Yeah, so this is true.
My oldest child turned 13 this week. Initially, this post seemed to be a time to lament about my aging and how I feel having a teenager, etc.
However, my trip down memory lane shifted significantly as my wife and I were looking at old pictures. My father has had some significant health issues over the last decade, and seeing him in 13 year old pictures - holding my then new-born daughter - was a startling reality check about how he has aged over the past few years.
As usual, I don’t know that I have an epiphany to share; the realization that the immortal are mortal is trite, and considering that my parents were 40 when I was born means that realization happened much earlier in life. But there is resignation, and sorrow, over the inevitable. And it’s inevitable for all of us, so I don’t find myself experiencing grief.
Perhaps the best description is the shame of it all. Being able to see the gradual transition in the stark contrast of before-and-after pictures makes the implied explicit. And it is a shame that any of us have to go through this, either in watching others or eventually experiencing aging ourselves. It is what it is; I have no interest in medical advancement that slows or halts the aging process. But the ambivalence I feel doesn’t really help when facing the realities of life.
I didn’t ride my bike on Saturday. After riding very little the entire month of June, the beginning of July has been something akin to a binge riding session. Six or seven days straight of riding, equaling close to 150 miles, is a big deal when the previous month totaled about 60 miles.
So I decided not to ride on Saturday. I got up late (for me, so around 7:30), watched the live broad cast of the Tour de France stage for the day, went with the family to see “Despicable Me 2” (well worth it, by the way - an excellent movie), then more family time spent swimming. On the whole, a fantastic day.

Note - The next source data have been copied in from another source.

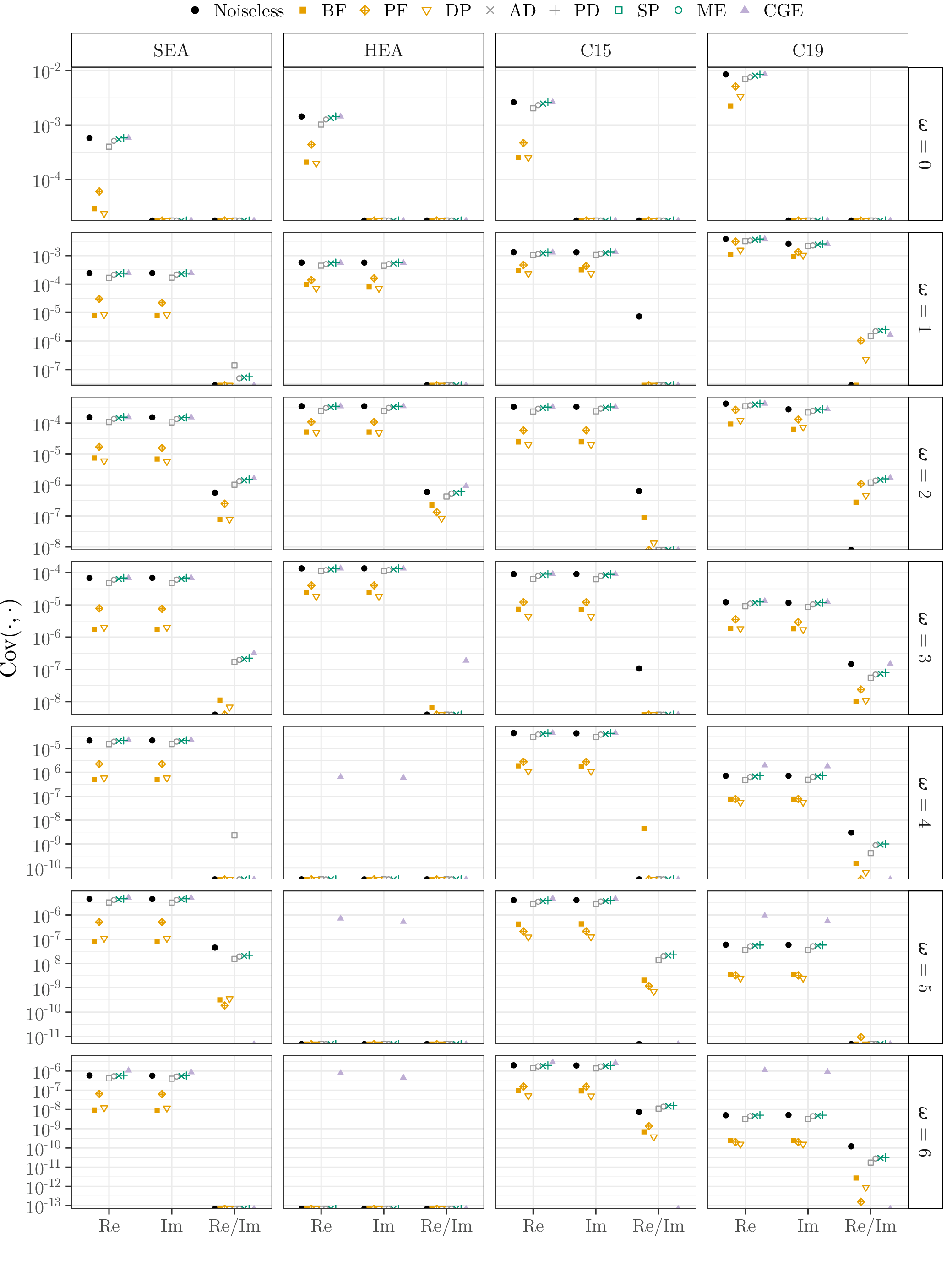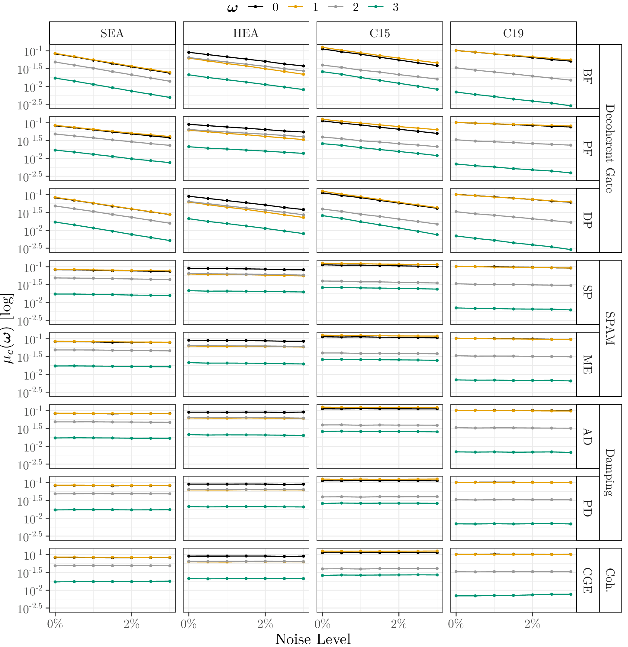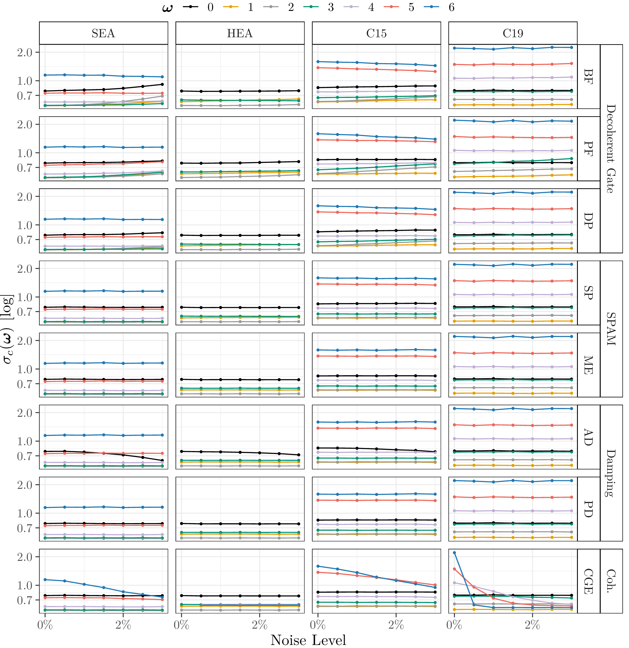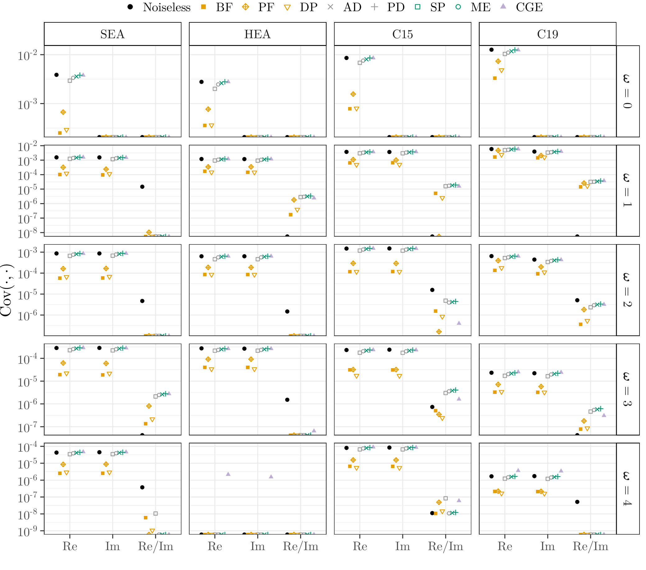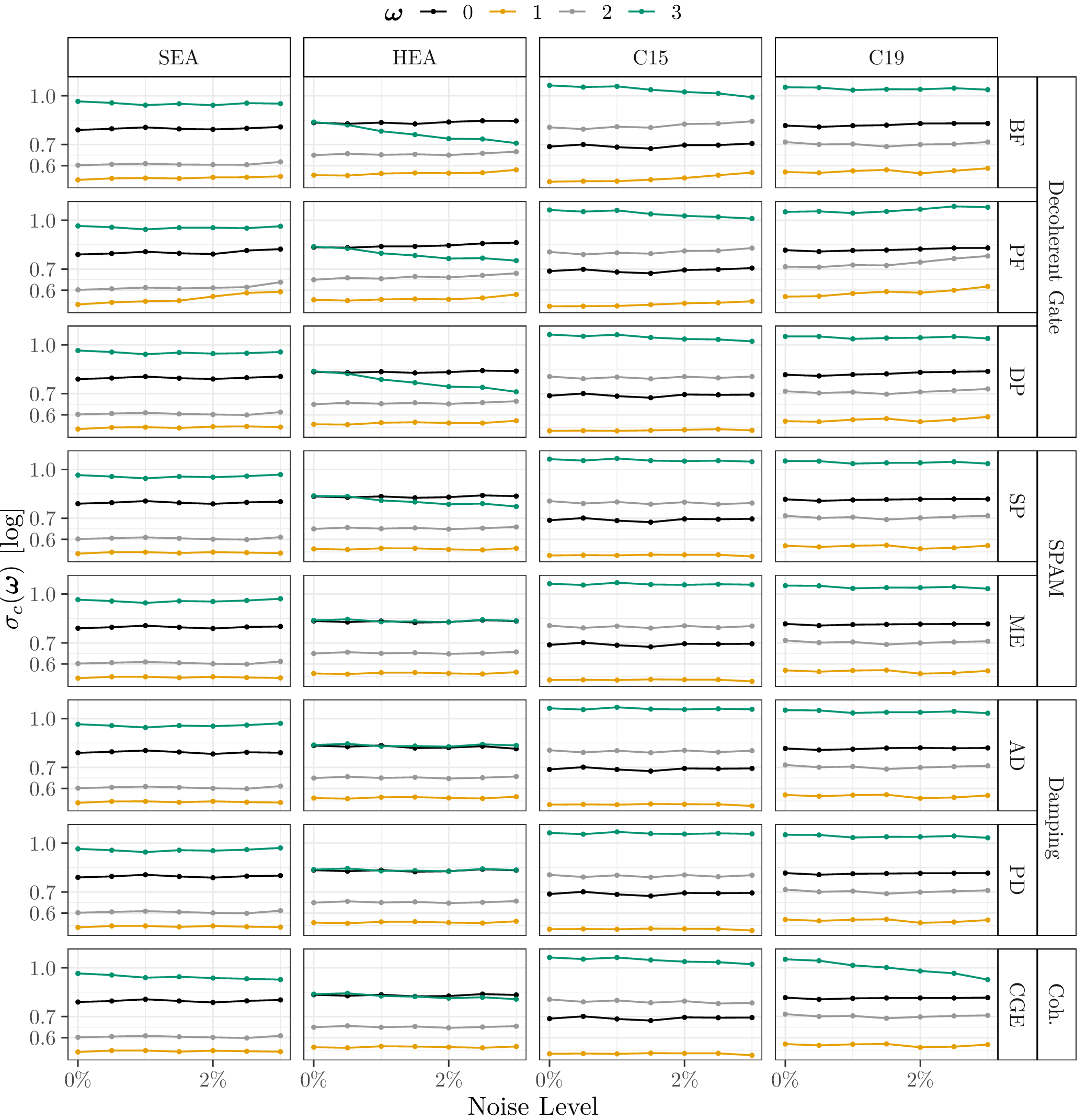 This page lists the individual results for for circuits with the one-dimensional encoding \(R_Y\) and varying qubit counts \([3\dots 6]\). In particular, for each configuration the results comprise of the absolute coefficient mean \(\mu_c(\boldsymbol{\omega})\), the corresponding relative standard deviation \(\sigma_c(\boldsymbol{\omega})\) and the covariance (\(\text{Cov}(\cdot, \cdot)\)). In the paper these results would correspond to Figure 6a, Figure 6b and Figure 4. Shown here are the plots for all qubit numbers.
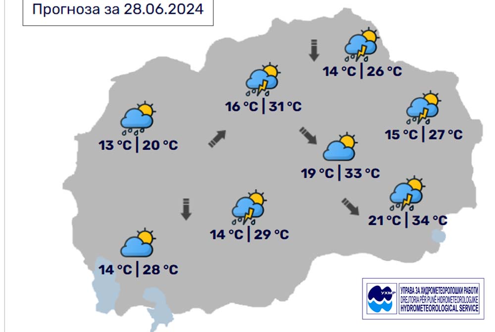 Денес, петок, 28 јуни, во Битола, според прогнозите на метеролозите на Управата за хидрометеоролошки работи, времето ќе биде променливо облачно со можен повремен пороен дожд и грмежи. Ќе дува слаб до умерен ветер од северен правец. Максималната температура во Битола до 29 степени. UV=7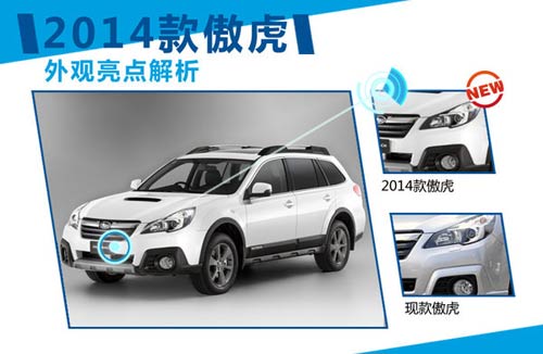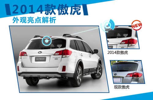 全新傲虎整體外觀相比現款傲虎有所改變,新車延續斯巴魯家族化的前臉設計,加大了進氣格柵面積,前大燈造型也更加犀利,車身整體線條更顯硬朗,輪轂樣式也有變化。新車尾部的造型較現款車型也有明顯不同,新車尾翼寬度明顯加大,使得該車運動更加突出,尾燈的造型也經過了重新設計。
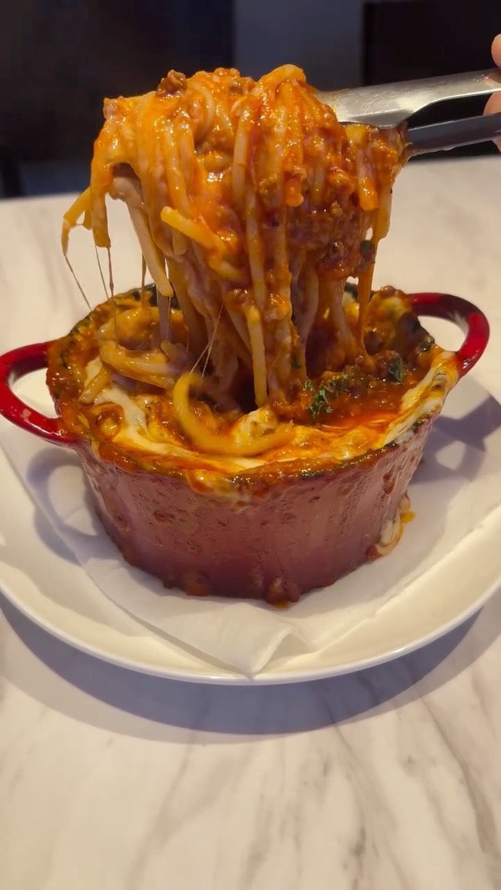 とろ〜りチーズが止まらない🧀️ 熱々ジューシーなミートソースと一緒に、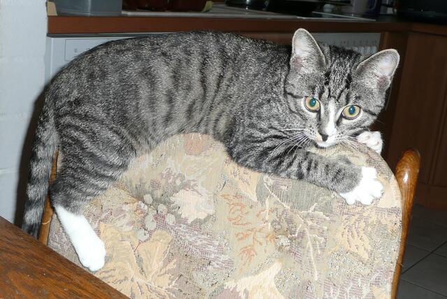 Stühle sind zum Klettern da. Besonders viel Spaß macht es, wenn die Rückenkissen des Stuhls mit abnehmbarem Klettverschluss versehen sind. Also raufgeklettert, in richtige Posistion bringen und dann loslegen. Rückzuck die beiden Klettverschlüsse hinten links und rechts abgemacht und unten ist das Kissen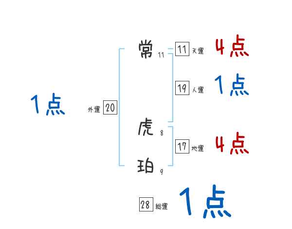 天運![]() | 常虎珀さんの天運は11画の4つ星!着実に富や地位を得る幸運な人生。 家系が持つ宿命的な運勢を表します。祖先から受け継いだ苗字ですので自分の力が及びません。家柄を象徴します。 |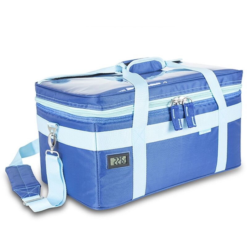 garantizando en todas éstas el correcto transporte y refrigeración de los materiales alojados en su interior. La bolsa isotérmica, diseñada para alojar el material sanitario más delicado y mantenerlo protegido, consta de un compartimento isotérmico principal que dispone de un termómetro, un bolsillo superior plano y transparente, asas y bandolera. Además, este estuche sanitario para transportar muestras dispone de tres compartimentos isotérmicos extraíbles, los cuales cuentan todos con esponja para absorver posibles derrames. El compartimento extraíble principal cuenta con cuatro gradillas acolchadas, una capacidad de 44 tubos cada una y bolsas herméticas para impedir fugas. Otro compartimento extraíble, que sirve para colocar los botes de orina, con bandas de fijación y sistema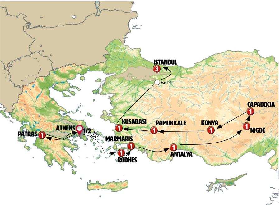 IMPORTANT: The ferry schedule between Rhodes and Marmaris is frequently subject to change and may not operate daily (except during the summer months). As a result, this part of the itinerary may need to be adjusted accordingly.

My bike ride today was nothing short of fantastic. I found that zone where everything felt great and just worked, no thought or real effort required. But here’s the thing - I’m sure the physical recovery was helpful; I wonder how much of today was mental? How much of my great ride was because the day before had been so fulfilling? I don’t know enough about the science of sport to really know, but I do know that I had no sense that my time off the bike on Saturday had been wasted, meaning that Sunday morning’s ride was not a return to the bike with me guilty over missed opportunities from the day before.
No, I rode this morning feeling refreshed, renewed, still tired, but recovered.
I always have at least a month during the summer where I’m basically off the bike. It’s frustrating, but travel makes riding very difficult. I managed to ride last night for the first time in the better part of a week, but I think I’ve only ridden three times in the last three weeks - family vacation, long workshops, etc.
Regardless, riding last night reminding me of why I like riding over all other exercise opportunities available. It’s a hassle to travel with a bike, but exploring new territory, finding new sites (take a look at my last post for a picture), and rediscovering that moment where I realize I am pleased with how my body is working and responding are experiences I can’t replicate with running, swimming, walking…anything.
A good ride serves as my therapy; my saddle might as well be that stereotypical couch. I feel like I process the world better during and after a ride, and there’s not much more for which I can ask.